Por outro lado, um estudo chinês avaliou a mesma questão na China. A adição do docetaxel não foi custo-efetiva para todos os pacientes com doença metastática, apesar deste tratamento ser custo-efetivo para a minoria das análises de sensibilidade entre pacientes com doença de alto volume. A QALY incremental encontrada pelos autores chineses e por nosso grupo é similar.(23) Tal fato endossa a replicabilidade e a robustez de nossos achados. Além disto, nosso estudo foi o único que avaliou o custo-efetividade da adição de docetaxel à TPA para doença não metastática.

Apesar do limiar proposto pela Organização Mundial de Saúde facilitar a interpretação dos estudos de custo-efetividade e definir a implementação de novas tecnologias, tais valores consideram somente os aspectos econômicos da população. Os aspectos epidemiológicos, culturais, psicológicos e espirituais não foram levados em consideração nesta avaliação. Por exemplo, um novo tratamento para doença rara com opções terapêuticas limitadas pode aceitar um limiar custo-efetivo maior do que novo tratamento para doença prevalente com boas opções terapêuticas.

Ainda, a discussão sobre o valor monetário que deveria ser investido na saúde individual é muito complexa na sociedade brasileira, fato que torna muito difícil padronizar o limiar custo-efetividade para indivíduos de diferentes classes sociais.

Há questões fundamentais em relação à interpretação destes achados, que não estão sendo totalmente discutidas. Uma das principais limitações de nosso estudo foi estimar a qualidade de vida com base nos dados da literatura, que podem ser diferentes dos valores brasileiros e levar a mudanças nos achados. Devido à falta de dados brasileiros, é extremamente importante desenvolver outros estudos de qualidade de vida no contexto brasileiro.

Em nosso estudo, incluíram-se dados clínicos a partir de estudos randomizados de população fora do Brasil, fato que pode diferir de estudos incluindo somente a população brasileira.
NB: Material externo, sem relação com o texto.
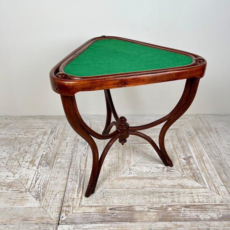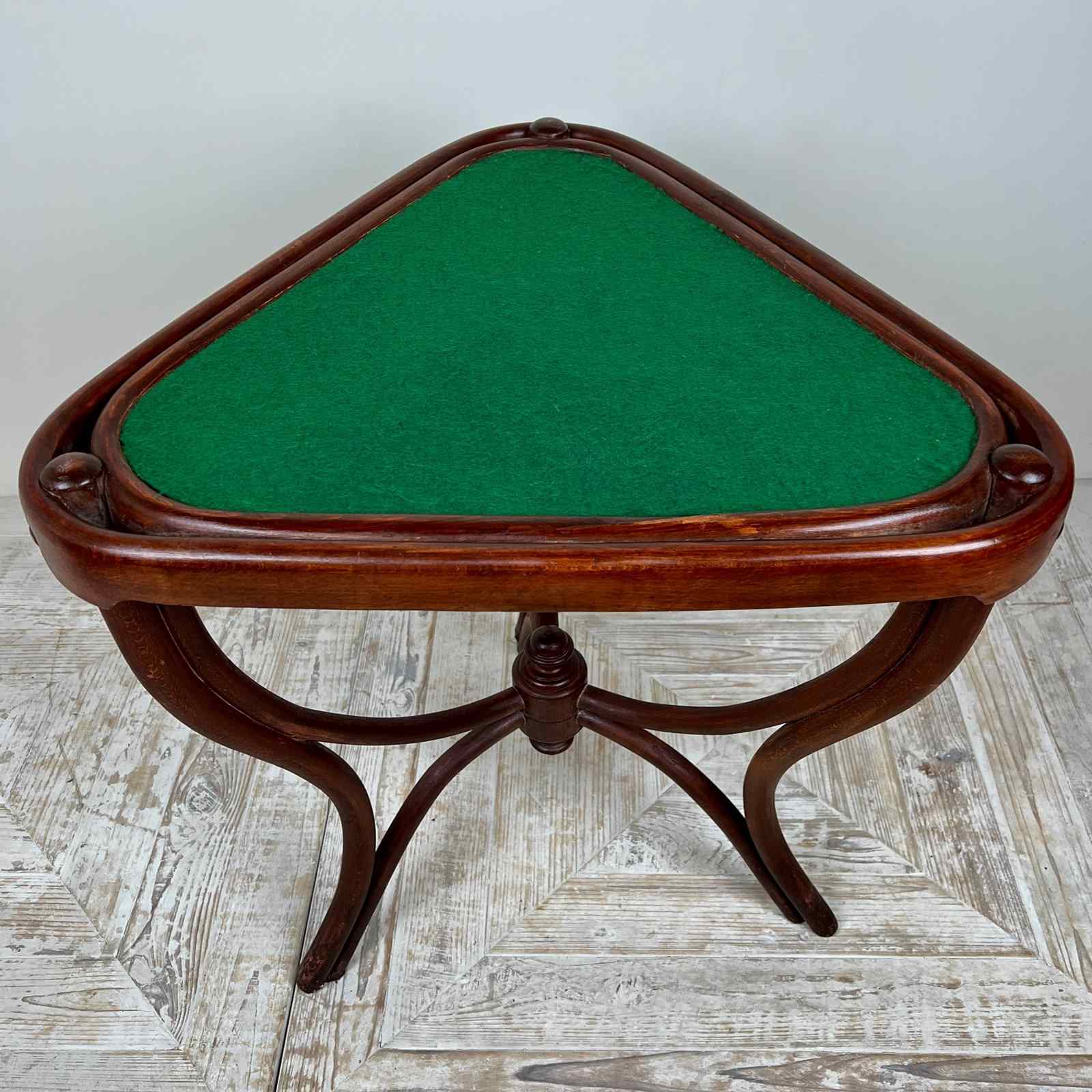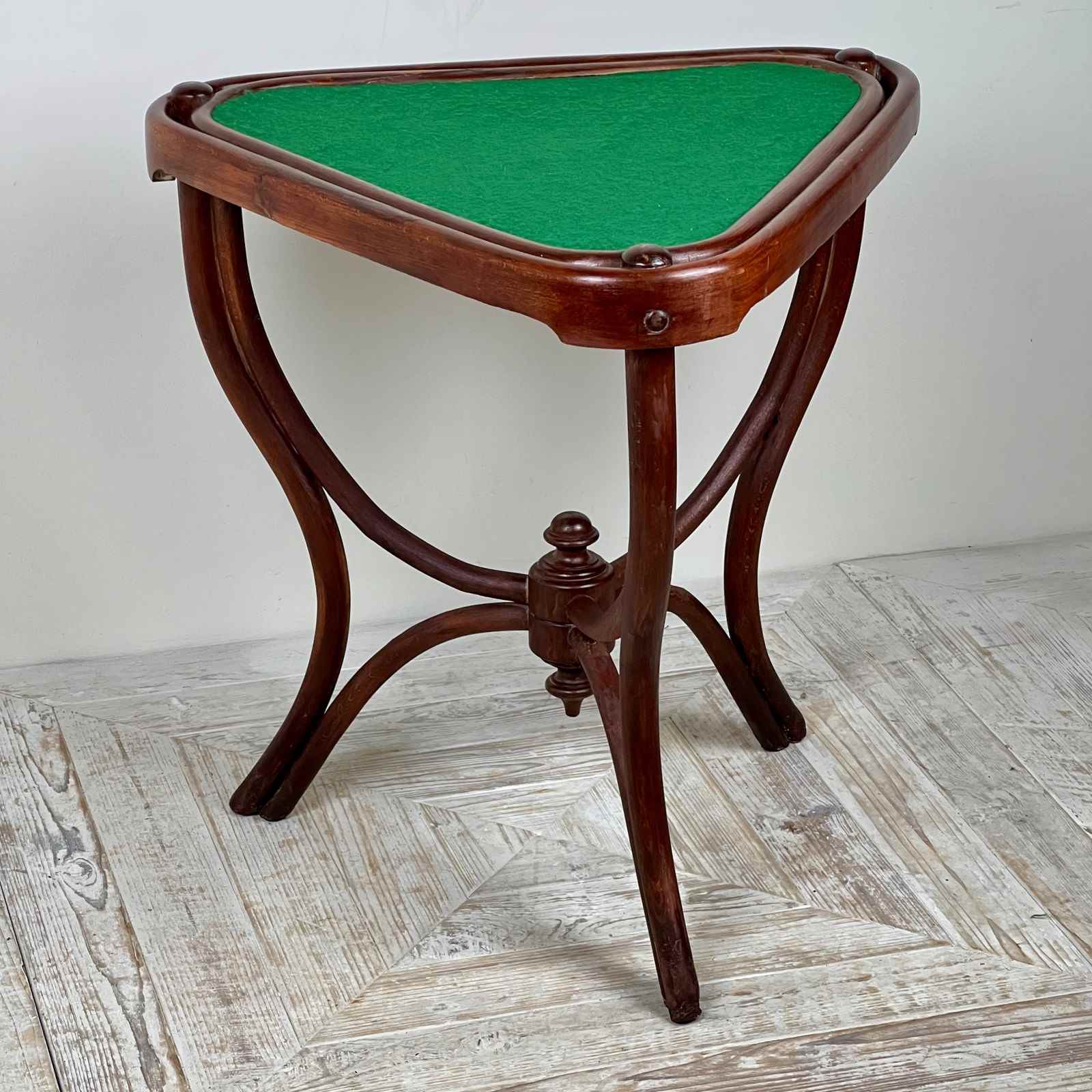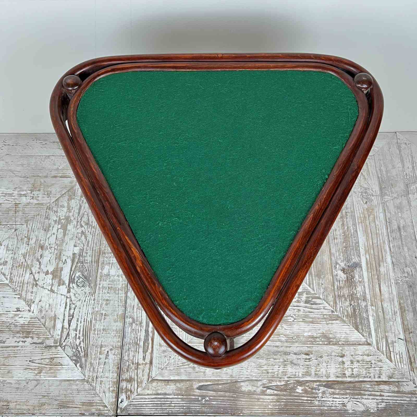 A beautiful bentwood design featuring a triangular playing surface covered in green woollen baize. The table stands on elegantly formed sabre legs joined by a central stretcher with a decorative finial. This rare Thonet design is a charming, fun, and functional piece that could also serve as a side, occasional, or console table. Original Thonet label still intact.

Portanto, há necessidade de estudos clínicos no Brasil para confirmar se os dados dos estudos clínicos internacionais são compatíveis com a população brasileira.

CONCLUSÃO

A adição da quimioterapia ao tratamento hormonal de câncer de próstata é uma medida custo-efetiva para pacientes com doença metastática extensa (alto volume). Porém, estudos relacionados à efetividade clínica e à qualidade de vida são necessários para confirmar estes achados no Brasil.